De wet maakt een onderscheid tussen overtreding en misdrijf. Een overtreding is minder ernstig dan een misdrijf. Voor misdrijven gelden dan ook zwaardere straffen. Door rood licht rijden of dronken over straat lopen zijn overtredingen; winkeldiefstal, vernieling of geweldpleging zijn misdrijven.
Een van de taken van de politie is het voorkomen van strafbare feiten en het opsporen van verdachten. Als de politie onderzoek heeft gedaan naar een overtreding of een misdrijf, legt ze de zaak voor aan de Officier van Justitie. Die heeft dan drie keuzes: Hij kan de zaak seponeren. Dat wil zeggen dat er geen vervolging plaatsvindt. De officier van justitie kan een boete opleggen; Maar hij kan ook besluiten om tot vervolging over te gaan. Dat betekent dat de zaak voor de rechter komt.

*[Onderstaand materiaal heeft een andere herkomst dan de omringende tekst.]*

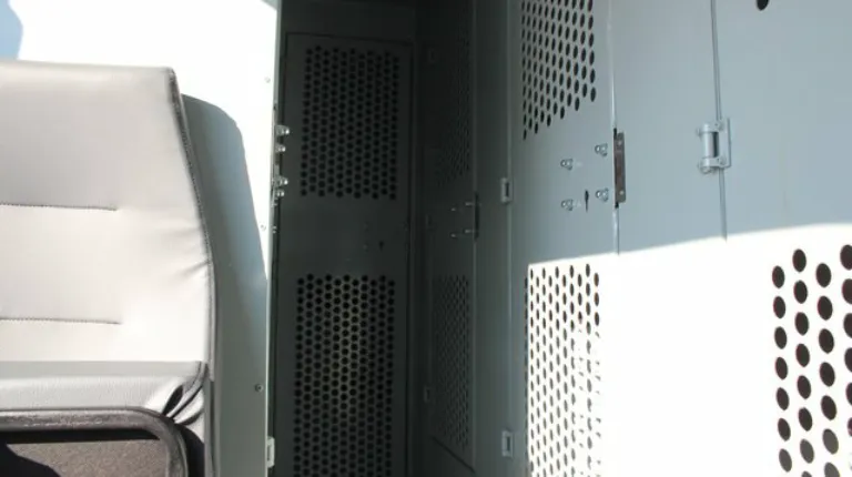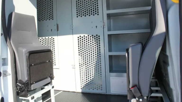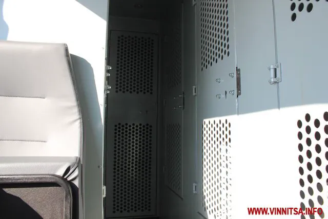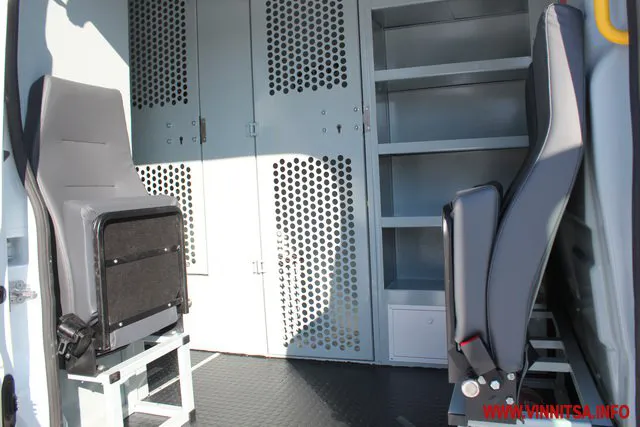 То же самое допоборудования плюс обогреватель Webasto имеет и более вместительный автозак на шасси Ford Transit. Здесь всего 15 мест – отсек для водителя и старшего конвойного наряда, отсек для конвойного наряда на трех человек, две одноместные камеры, а в задней части – общая камера для перевозки лиц, взятых под стражу.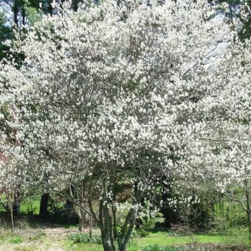 Serviceberry (Amelanchier canadensis) – A versatile native ornamental tree that grows best in well-drained soil and full sun to partial shade. Delicate white flowers appear in early spring before foliage emerges, followed by edible blue-purple berries that attract birds. Leaves emerge bronze, mature to deep green in summer, and finish with vibrant orange to red fall color. Growing 15–25 feet tall with a graceful, multi-stem habit, it’s ideal for naturalized landscapes and specimen plantings.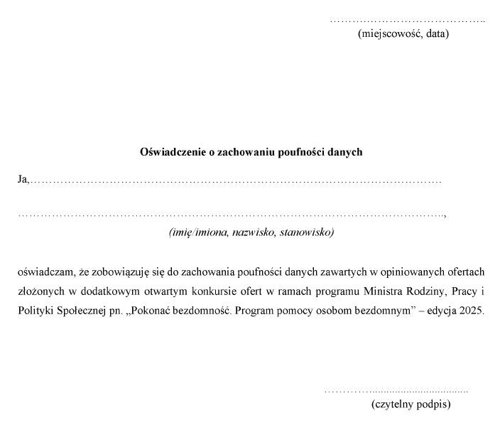 WZÓR - OŚWIADCZENIE O ZACHOWANIU POUFNOŚCI DANYCH

Een rechtszaak kent 8 stappen, die altijd in dezelfde volgorde worden afgehandeld. De zaak wordt geopend en de gegevens van de verdachte worden gecontroleerd. Op die manier wordt voorkomen dat de verkeerde persoon terecht staat. De aanklacht wordt voorgelezen. De zaak wordt onderzocht. Alle informatie die de politie heeft gevonden wordt gepresenteerd en als er getuigen zijn, worden die gehoord. De verdachte wordt ondervraagd. De officier van justitie houdt zijn requisitoir, een verhaal waarin hij probeert aan te tonen waarom hij denkt dat de verdachte schuldig is en wat voor straf daarop zou moeten staan. De advocaat van de verdachte houdt zijn pleidooi, waarin hij argumenten aanvoert om de verdachte vrij te pleiten.
Het laatste woord in een rechtszaak is altijd aan de verdachte. Nu heeft de verdachte de mogelijkheid om zijn of haar kant van het verhaal toe te lichten.Tot slot spreekt de rechtbank een vonnis uit. Dat kan een straf zijn, zoals een gevangenisstraf, een taakstraf of een geldboete. Maar als de rechter er niet van overtuigd is dat de verdachte ook daadwerkelijk schuldig is, kan hij hem of haar ook vrijspreken.